Kurasakan ponsel yang ada di
genggamanku bergetar, buru-buru kujawab panggilan itu, berharap gadis sederhana
itu yang menlfonku. “Halo, Niall?” suara seorang gadis di seberang sana, tapi
bisa kupastikan jika dia bukan gadis yang kucari. Gadisku.. ah bukan, dia bukan
gadisku, gadis tengil itu tak akan memanggilku sesesopan itu. “ya, kau siapa?”
“Aku Casandra Han, masih ingat?” tak butuh lama bagiku untuk manyusun
baying-bayang wajahnya, aku sudah bisa mengingatnya. Casandra Han, teman semasa
SMPku, juga.. cinta pertamaku. “Ada apa?” tanyaku singkat. Aneh, bukankah
selama ini aku menanti dia kembali? Tapi kenapa sekarang kebahagiaan ini samar?

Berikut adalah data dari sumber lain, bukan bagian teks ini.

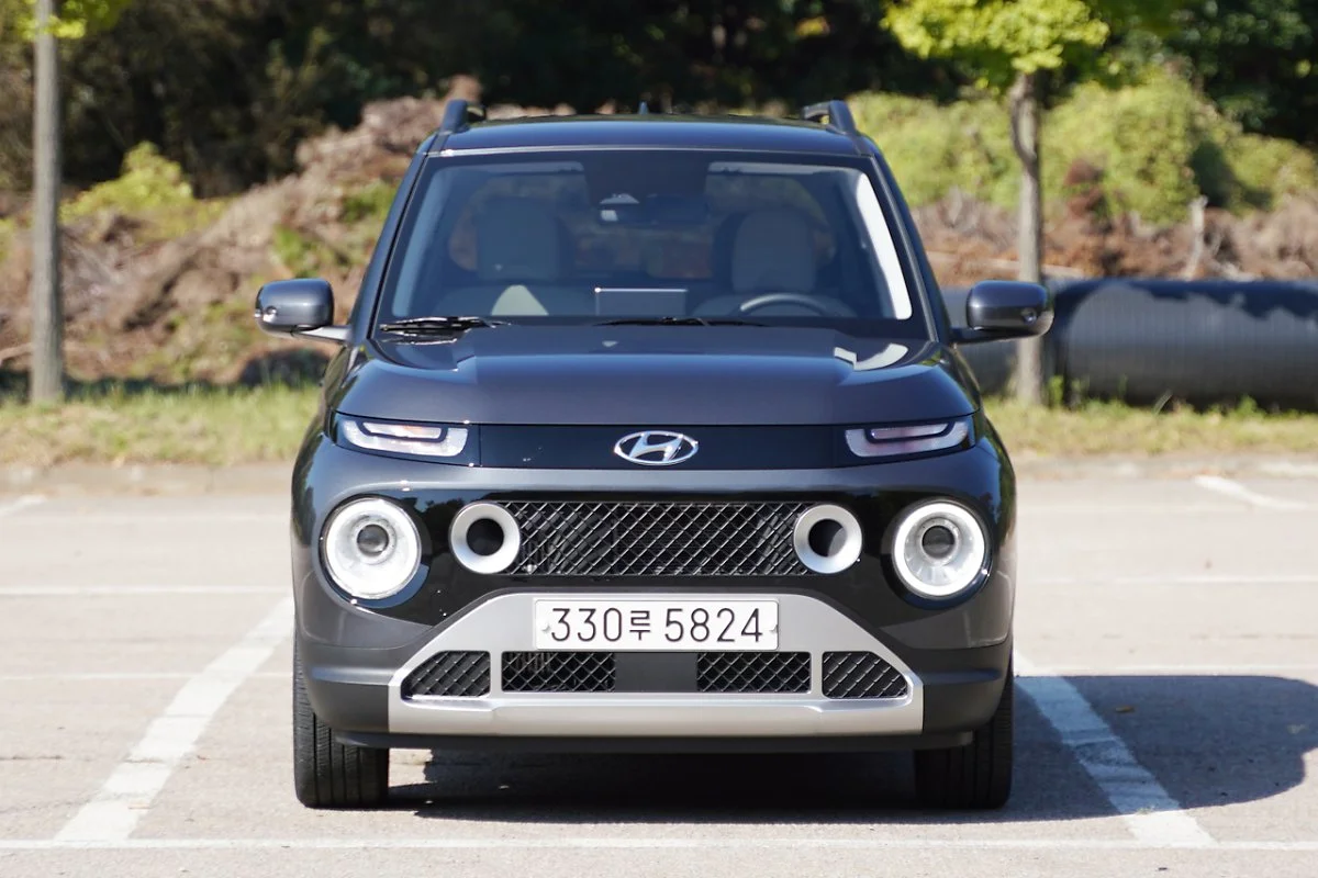 현대차 캐스퍼는 컴팩트한 차체 크기에 볼륨감 있는 펜더, 무광 블랙의 클레딩 등 강인한 SUV 디자인 요소가 곳곳에 반영됐습니다. 캐스퍼 밴 역시 SUV 스타일을 유지하는 두툼한 펜더, 무광 블랙 클레딩까지 동일합니다. 특히 두 모델은 카파 1.0 터보 엔진을 탑재한 모델로 메쉬타입 그릴과 원형 에어 인테이크, 스키드 플레이트 디자인이 추가되어 스포티한 느낌을 유지했습니다. 두 모델은 프로젝션 헤드램프와 아웃 사이드미러 LED 방향지시등과 정도가 다른데, 이는 캐스퍼 밴이 스마트 트림으로만 운영되기 때문에 발생하는 차이일 뿐입니다.

“Bisakah kita bertemu? Aku merindukanmu” kurasakan jantung ini berdetak saat
kalimat itu keluar dari mulutnya, sekalipun tak sekeras dulu, tapi aku bisa
menangkap detakan kecil disana. “Baiklah, dimana?” “Tempatnya akan kuberi tau
lewat sms,”
*Salsabila Devina Pov*
Kusesap sekali lagi coklat
hangatku, didepanku sudah ada Hyena yang menunggu critaku dengan bertopang
dagu. “Dari mana saja kau 2 hari ini?” gadis itu memasang wajah kesal kearahku.
Aku tau, sebentar lagi aku habis di bentak olehnya. “Pantai” 1 kata, hanya 1
kata yang keluar dari mulutku, taka da imbuhan atau tanda seru disana. “Kalau
kau punya masalah, harusnya kau lari ke ibumu, bukan ke pantai” “Ibu yang mana
maksudmu? Ibu yang membuangku? Atau ibu yang memberi pilihan sulit padaku?” aku
menatap Hyena tajam, gadis itu menggigit ujung bibirnya seakan sadar dia salah
bicara. “Aku tak mengharpkan seorang Ibu, pantai jauh dari cukup untuk
memberiku ketenangan” bisa kurasakan air mata memanas, ada air mata disini. Air
mata yang mati-matian kubendung. “Lalu, apa pilihanmu?” aku menggeleng pelan.
“Pilihan itu terlalu susah, taka da yang 100%” kudongakkan wajahku, aku takut
jika aku menunduk bulir ini akan jatuh. “Tak ada pilihan yang 100% Devina,
pilihan itu 50%-50%, kau yang bertugas memilihnya dan menjadikannya 100%” aku
terdiam, butuh waktu lama bagiku untuk menancapkan kata-kata itu ke hatiku.
“Kau piker semudah itu aku memilih? 21 tahun aku hidup, 21 tahun aku
menantinya. Dan ketika aku mendapatkannya, haruskah aku mengorbankan cintaku?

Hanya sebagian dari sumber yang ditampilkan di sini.